The "1,2,3" categories may not be easy to use, because of some internal dependency. But if 1 means "1 but not 2" and 2 means "2 but not 1", they seem to be well-defined, i.e. looking at a datapoint, it isn't ambiguous which bin it should go in. I'm not aware of formal specifications for such dependencies, though, or tools that would make use of such specs to determine analysis behaviour.

True! Still, I've seen people treat 3 as a value similarly differently from 1 as 1 is to 2. This is not the case.

In grambank-analysed scripts and in rgrambank we have explicit procedures for dealing with multistate features and making them into a type of binary sets. In grambank-analysed scripts it's done here: https://github.com/grambank/grambank-analysed/blob/main/R_grambank/make_wide_binarized.R and in rgrambank, we've got the function https://github.com/grambank/rgrambank/blob/main/R/binarise.R that does the same job.

I know that similar feature value dependencies also occur in APiCS and WALS. I don't know what happens there with cldf-tools.

xrotwang commented 11 months ago

I know that similar feature value dependencies also occur in APiCS and WALS. I don't know what happens there with cldf-tools.

As I said, nothing happens there, because CLDF tools rely on what's formally specified in the metadata and I'm not aware of a standard to formally specify dependencies between values of variables.

HedvigS commented 11 months ago

I know that similar feature value dependencies also occur in APiCS and WALS. I don't know what happens there with cldf-tools.

As I said, nothing happens there, because CLDF tools rely on what's formally specified in the metadata and I'm not aware of a standard to formally specify dependencies between values of variables.

Okay. That is good to know. I don't use most CLDF-tools so I haven't encountered this issue, but in working on my own with these data-sets it's something I consider and make adjustments for.

xrotwang commented 11 months ago

As I said earlier, the point of a specification like CLDF is making common, shared assumptions explicit and enforceable. If assumptions about dependency between values become more common, and there's a shared understanding what they are and how tools should treat these, we might have to think about a formal way to specify these, so they can become part of CLDF.

As far as I can tell, none of this has happened yet. So people using CLDF tools will have to use the same out-of-band, informal information that you use now to adjust data after having read it from CLDF datasets.

HedvigS commented 11 months ago

As I said earlier, the point of a specification like CLDF is making common, shared assumptions explicit and enforceable. If assumptions about dependency between values become more common, and there's a shared understanding what they are and how tools should treat these, we might have to think about a formal way to specify these, so they can become part of CLDF.

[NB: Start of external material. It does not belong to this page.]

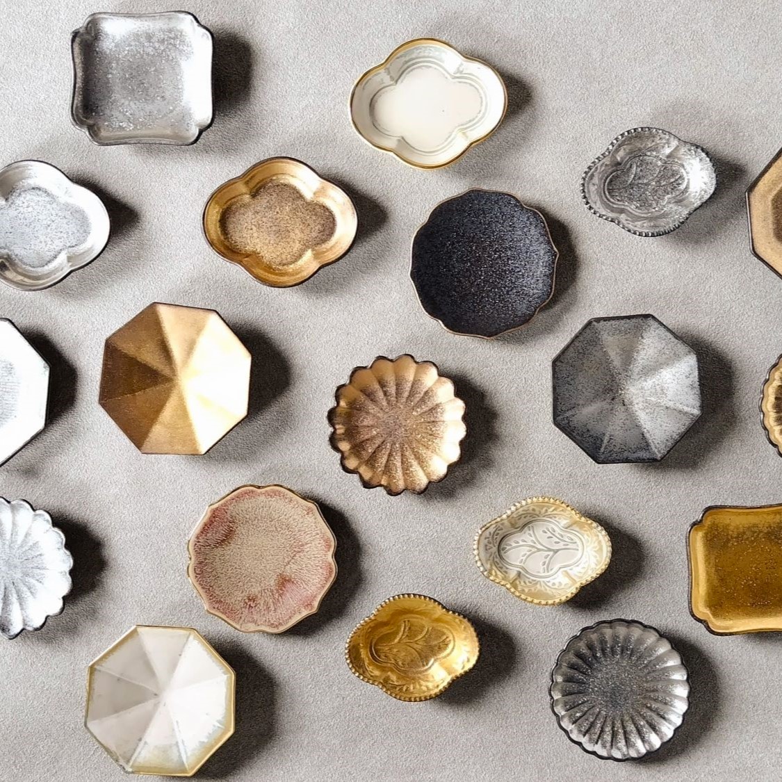 金銀の重厚感はそのままに、小ぶりで可愛いミニ陶箱は存在感も抜群。 渕付の小皿は陶箱の蓋にもなり、組み合わせて蓋物としてもお使いになれます。 ミニ小皿は、箸置きやレスト、コースターなどに使えるサイズ展開となっています。

As far as I can tell, none of this has happened yet. So people using CLDF tools will have to use the same out-of-band, informal information that you use now to adjust data after having read it from CLDF datasets.

Like I've said before, I don't know who the current or intended user base is for most CLDF-tools so i have limited insight. It seems to me to mainly be related to specific circumstances around lexical data, so I guess this wouldn't occur there. Most typologists I know tend to build their own code, in python/perl/R. I don't have insight into who uses datasets with value depdencies and CLDF-tools, besides the experience I personally have sometimes.

Regardless, for Grambank meta-data I'm bending my will to yours @xrotwang . We continue as we have before, and I'll adjust where I need to given the information I have recently aquired.